Bigfoot body found, promoted, thawed and then the ring leader declares he was hoaxed (days after the frozen suit had been debunked). We need to say no more, risky, bad bigfootery business.
Bigfoot expeditions generate five-figure incomes a weekend, seemingly and remarkably produce some results, or at least results the paying customers are willing to buy darn near every time, rumors abound about some shadiness despite the best attempts to keep a firm lid on that type of talk. Other fourth level “Bigfoot Researchers” are pissed they did not think of the idea first and now are on record as decrying paying expeditions. Maybe that lovely churn will allow them to revisit the idea in a few years.
TV shows create an even greater possibility of risky paranormal business. The money is bigger and the pressure to fascinate and keep an audience is huge, even in a paranormal pop culture famished for content. The leading program out there viewership wise is Ghost Hunter and this can lead to situations and disclosures like this. And the discussion can get heated, some good links in the first post leads to 53 pages of discussion, pop goes the paranormal. Paranormal State has had a good share of analysis as to risky and shady stuff. In bigfootery you have Monster Quest, mostly they have presented crappy evidence and eventually conclude it is crappy evidence. The Ohio and Kentucky episodes come to mind. There has been questions about the veracity of the presentation. What will the BFRO show hold if it does actually make it to the air? We are sure there will be many looking at it very closely.

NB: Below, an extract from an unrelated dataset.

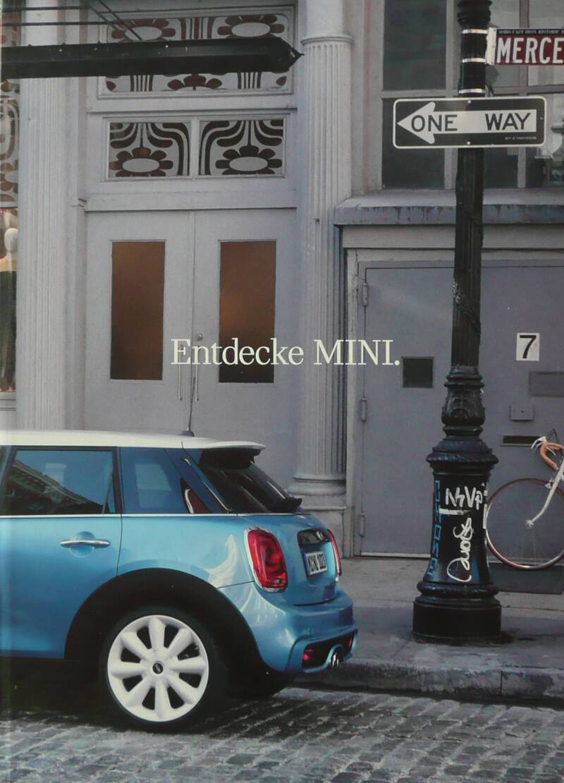Een Duitstalige hardcover brochure met 48 pagina's. Uitgifte datum niet bekent. Beschrijft de modellen van Mini en de geschiedenis van de auto.

And finally in the spirit of helping fourth level “Bigfoot Researchers” carnival barkers find a new angle for using TV and raising money we present the Reverend Bob Larson, demonologist. Yes, we consider that topic to be in the realm of the paranormal. Reverend Bob has done much to enrich himself with a few things that are downright non-christian like. Bob is riding the paranormal pop explosion himself with a new TV show. But the beauty of Bob, and how he can be a model for the carnival barkers is that he is not satisfied with the TV money. Nope. He is appealing to his flock for donations to help him meet the incredible public response for help that will come with his TV show. So here is the script fourth levelers:
Because of my amazing new appearance, bigfoot sighting reports have poured in. I need your help to give me the gas, food and lodging money so that I can react to these situations and help us all by proving once and for all bigfoot is real. Strike that real part, most likely real due to my compelling evidence, I am not ready to give up the gravy train and solve this mystery just yet, momma wants a house without wheels.